Science briefs: Audio device made for finger reads to blind in real time
- July 12, 2014 - 3:00 PM
device reads to blind in real time
Scientists at the Massachusetts Institute of Technology are developing an audio reading device to be worn on the index finger of people whose vision is impaired, giving them affordable and immediate access to printed words.
The so-called FingerReader, a prototype produced by a 3-D printer, fits like a ring on the user’s finger, equipped with a small camera that scans text. A synthesized voice reads words aloud, quickly translating books, restaurant menus and other needed materials for daily living, especially away from home or office.
Reading is as easy as pointing the finger at text. Special software tracks the finger movement, identifies words and processes the information. The device has vibration motors that alert readers when they stray from the script, said Roy Shilkrot, who is developing the device at the MIT Media Lab.
For Jerry Berrier, 62, who was born blind, the promise of the FingerReader is its portability and offer of real-time functionality at school, a doctor’s office and restaurants. “Everywhere we go, for folks who are sighted, there are things that inform us about the products that we are about to interact with. I wanna be able to interact with those same products, regardless of how I have to do it,” he said.
Developing the gizmo has taken three years of software coding, experimenting with designs and working on feedback from visually impaired people. Much work remains before it is ready for the market, Shilkrot said, but developers believe they will be able to affordably market the device.
education may be hard on the eyes
Can too much studying ruin your eyesight? A German study has found that the more education a person has, the greater the likelihood that he will be nearsighted.
The researchers did examinations on 4,685 people ages 35 to 74. About 38 percent were nearsighted. But of those who graduated after 13 years in the three-tiered German secondary school system, about 60.3 percent were nearsighted, compared with 41.6 percent of those who graduated after 10 years, 27.2 percent of those who graduated after nine years and 26.9 percent of those who never graduated. The percentage of myopic people was also higher among university graduates than among graduates of vocational schools or those who had no professional training.
coastal winds grow stronger
Summer winds are intensifying along the west coasts of North and South America and southern Africa and climate change is a likely cause, a study says.
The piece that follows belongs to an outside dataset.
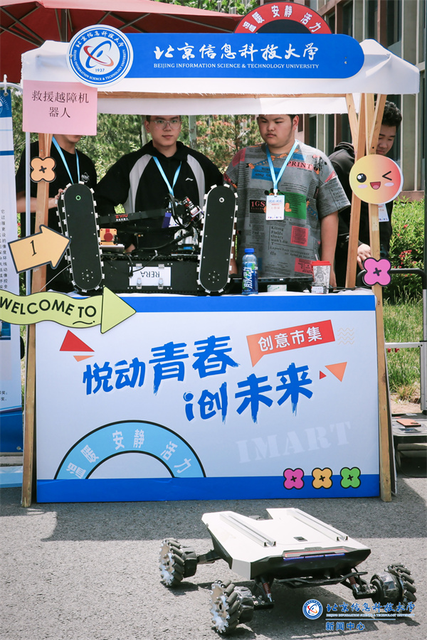 参加活动的领导、老师和同学们沿着桃李路,一起体验创意市集活动。大家三五成群,在交流中感受特别的社区体验。在科技体验区,来自机电、光电、自动化、信通和计算机学院的同学们,展示了救援越障机器人、高速湿敏传感器、ikid 类人足球机器人、海洋轻型探索机器人、3d打印机、湖泊表层杂物清理装置、桌面小狗、回忆方块等科创作品。

The winds, which blow parallel to the shore and draw cold, nutrient-rich water from the deep ocean to the surface in a process known as coastal upwelling, have increased over the past 60 years in three out of five regions of the world, said an analysis published in the journal Science. Stronger winds have the potential to be beneficial by bringing a surge of nutrients and boosting populations of plankton, fish and other species. But they could also harm marine life by causing turbulence, disrupting feeding, worsening ocean acidification and lowering oxygen levels, the study says.
The shift could already be having effects on some of the world’s most productive marine fisheries and ecosystems off California, Peru and South Africa. Researchers can’t say for sure that climate change is to blame, but they said finding a pattern that was consistent across several parts of the planet gives a strong indication it is a factor.